**MATERIAL FOR THE TASK:**
****************

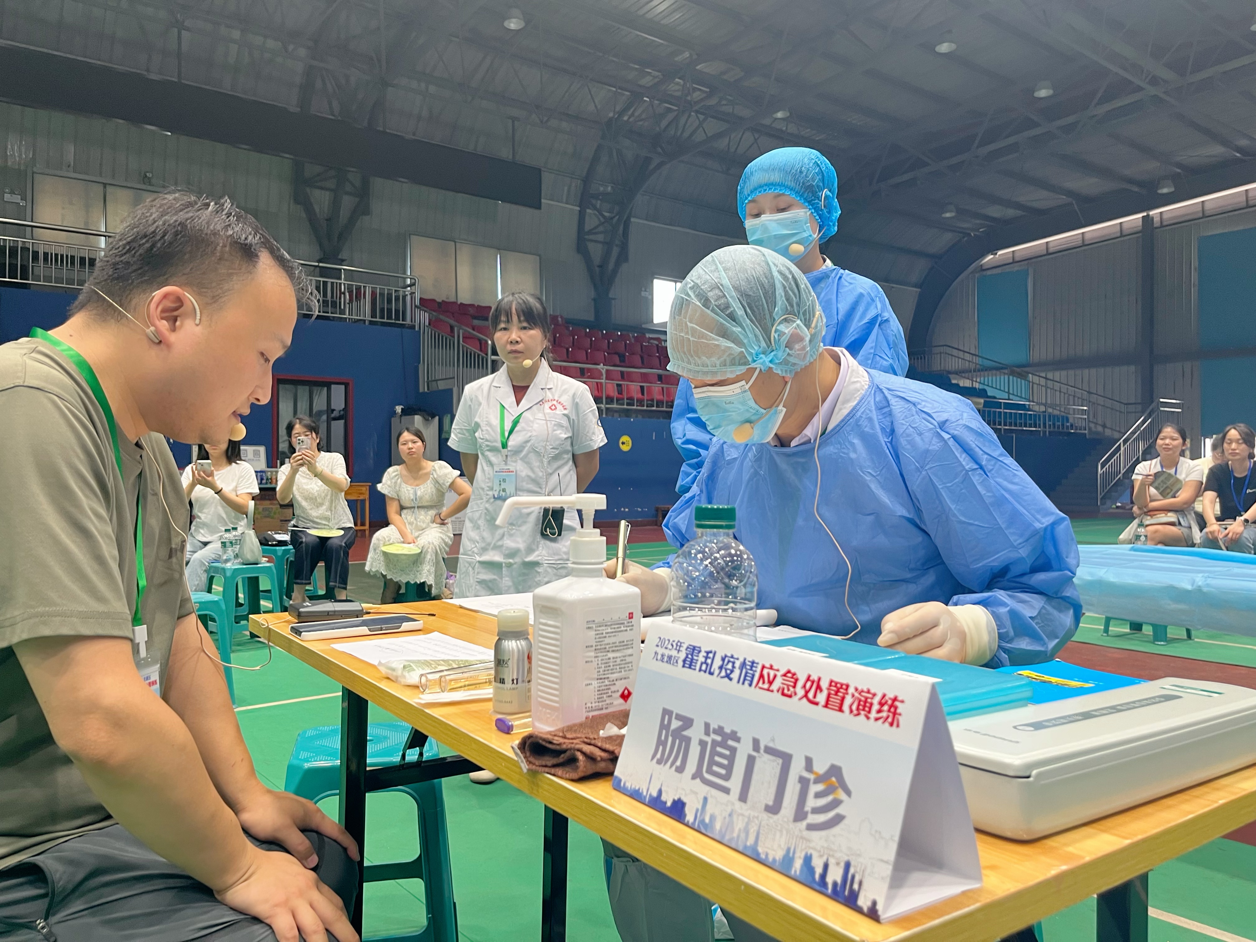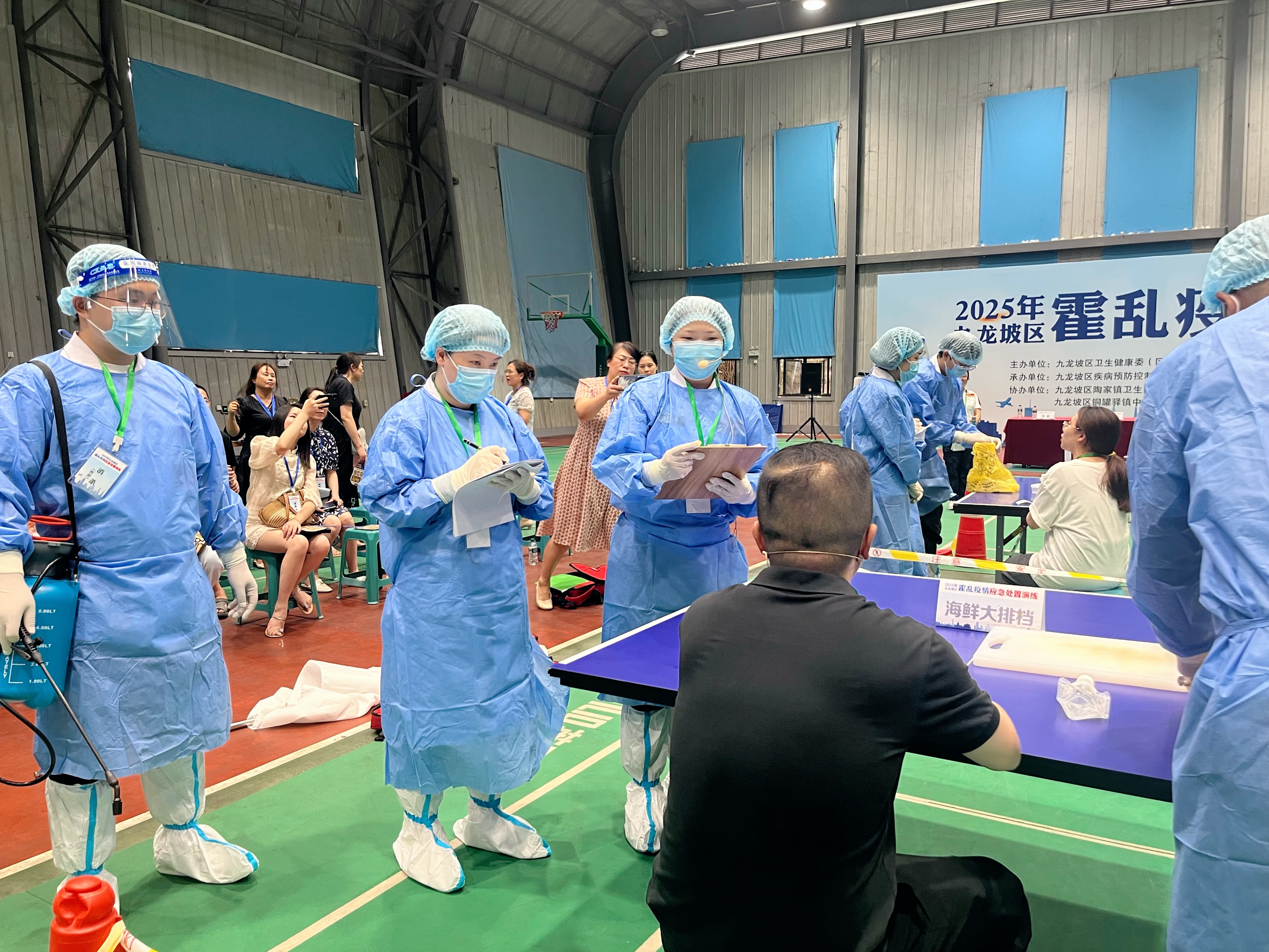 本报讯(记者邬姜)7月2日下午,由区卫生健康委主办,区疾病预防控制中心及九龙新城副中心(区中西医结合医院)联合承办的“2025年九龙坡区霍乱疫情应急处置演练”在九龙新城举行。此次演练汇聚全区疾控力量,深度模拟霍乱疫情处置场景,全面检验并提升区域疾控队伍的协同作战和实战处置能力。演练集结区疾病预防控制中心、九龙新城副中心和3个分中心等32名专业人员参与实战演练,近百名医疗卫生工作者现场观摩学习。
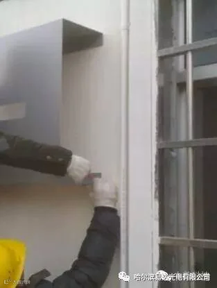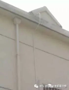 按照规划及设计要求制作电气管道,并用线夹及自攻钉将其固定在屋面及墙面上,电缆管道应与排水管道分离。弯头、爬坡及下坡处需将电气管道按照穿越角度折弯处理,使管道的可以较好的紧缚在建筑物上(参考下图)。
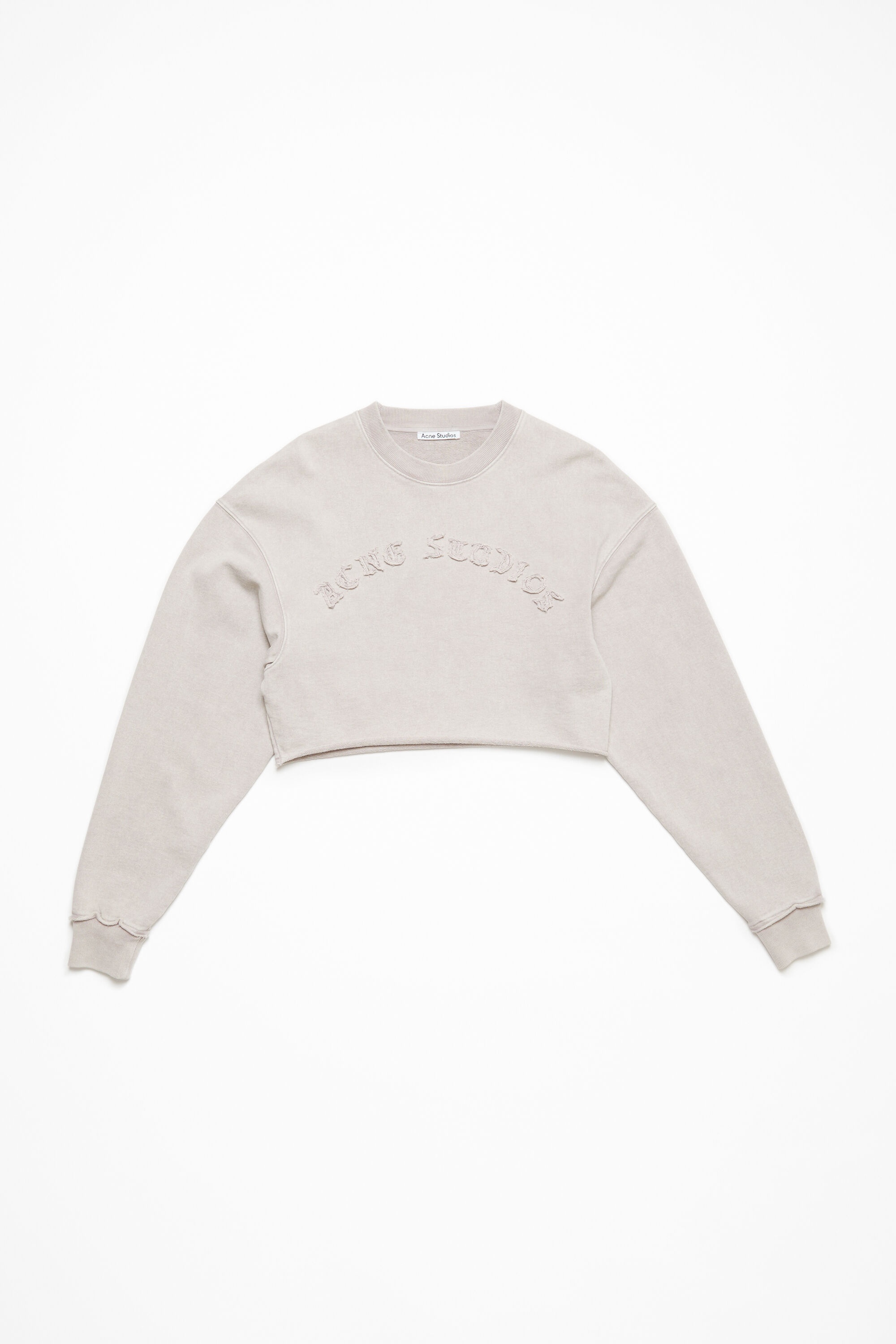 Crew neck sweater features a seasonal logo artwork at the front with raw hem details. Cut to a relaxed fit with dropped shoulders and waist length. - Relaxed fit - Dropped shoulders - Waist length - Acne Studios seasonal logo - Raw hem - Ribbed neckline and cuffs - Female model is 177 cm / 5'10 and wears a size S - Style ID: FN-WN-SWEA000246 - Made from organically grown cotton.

****************

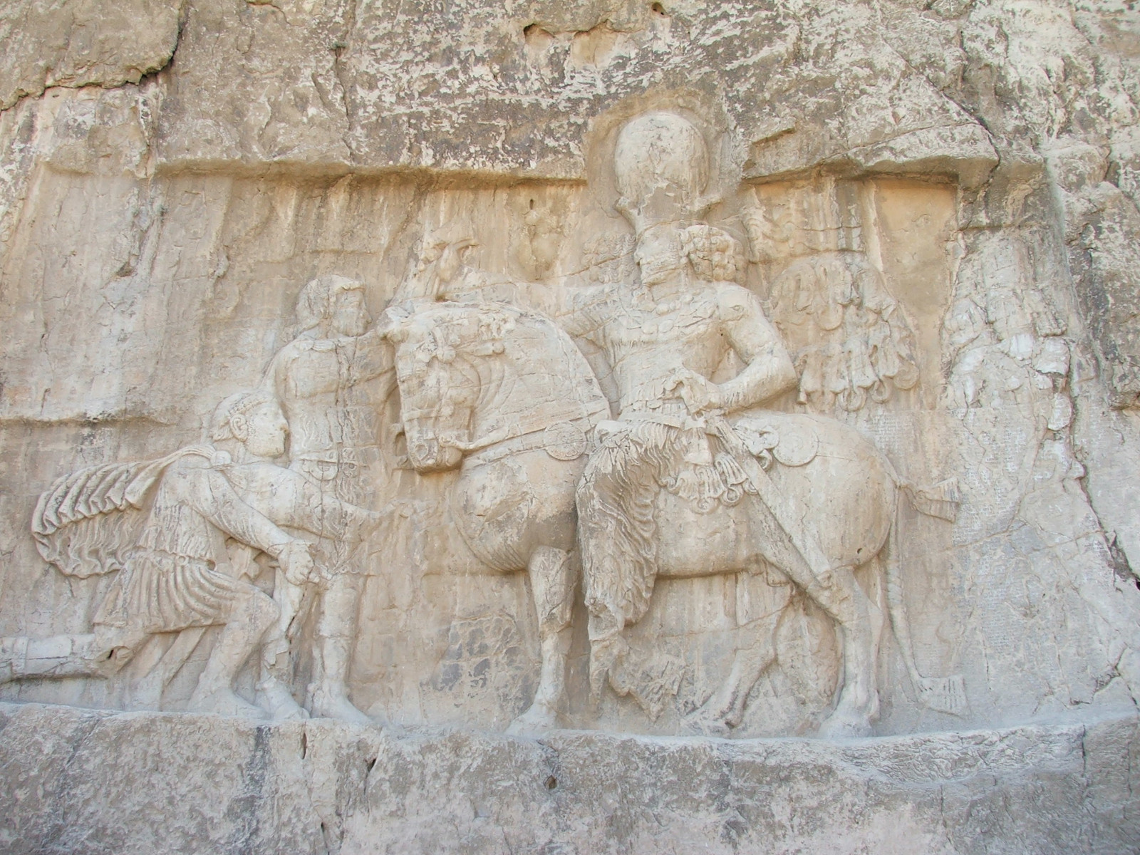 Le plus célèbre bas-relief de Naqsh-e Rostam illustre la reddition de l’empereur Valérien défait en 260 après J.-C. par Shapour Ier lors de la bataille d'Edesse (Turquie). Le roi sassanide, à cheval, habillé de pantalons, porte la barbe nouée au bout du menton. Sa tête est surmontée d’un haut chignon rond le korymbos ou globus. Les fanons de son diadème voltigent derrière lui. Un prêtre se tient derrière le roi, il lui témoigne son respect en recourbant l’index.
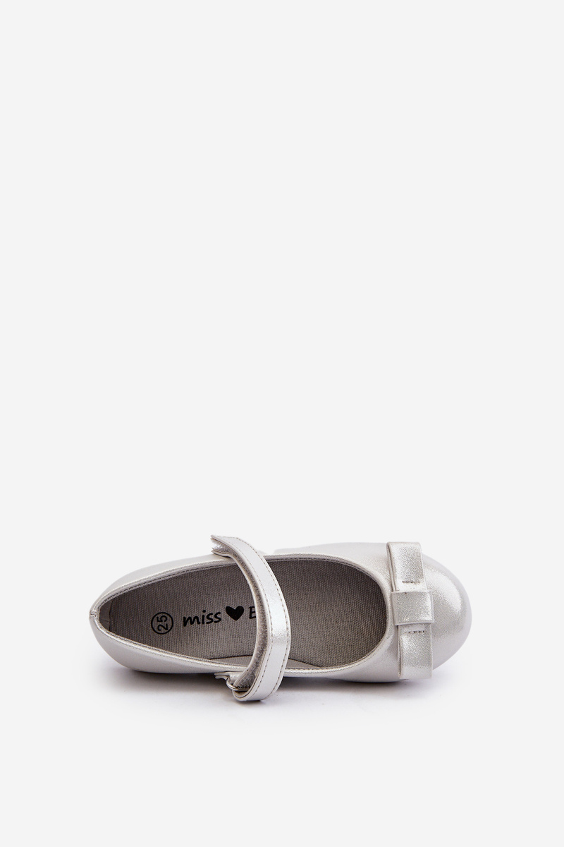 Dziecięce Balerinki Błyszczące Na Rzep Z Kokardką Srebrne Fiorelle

****************

**YOUR ASSIGNMENT:** Write out exactly the run of lines above that starts at the line containing "本报讯(记者邬姜)7月2日下" and ends at the line containing "Crew neck sweater". Include both, and leave the pictures out.

**RESPONSE BELOW:**
 本报讯(记者邬姜)7月2日下午,由区卫生健康委主办,区疾病预防控制中心及九龙新城副中心(区中西医结合医院)联合承办的“2025年九龙坡区霍乱疫情应急处置演练”在九龙新城举行。此次演练汇聚全区疾控力量,深度模拟霍乱疫情处置场景,全面检验并提升区域疾控队伍的协同作战和实战处置能力。演练集结区疾病预防控制中心、九龙新城副中心和3个分中心等32名专业人员参与实战演练,近百名医疗卫生工作者现场观摩学习。
 按照规划及设计要求制作电气管道,并用线夹及自攻钉将其固定在屋面及墙面上,电缆管道应与排水管道分离。弯头、爬坡及下坡处需将电气管道按照穿越角度折弯处理,使管道的可以较好的紧缚在建筑物上(参考下图)。
 Crew neck sweater features a seasonal logo artwork at the front with raw hem details. Cut to a relaxed fit with dropped shoulders and waist length. - Relaxed fit - Dropped shoulders - Waist length - Acne Studios seasonal logo - Raw hem - Ribbed neckline and cuffs - Female model is 177 cm / 5'10 and wears a size S - Style ID: FN-WN-SWEA000246 - Made from organically grown cotton.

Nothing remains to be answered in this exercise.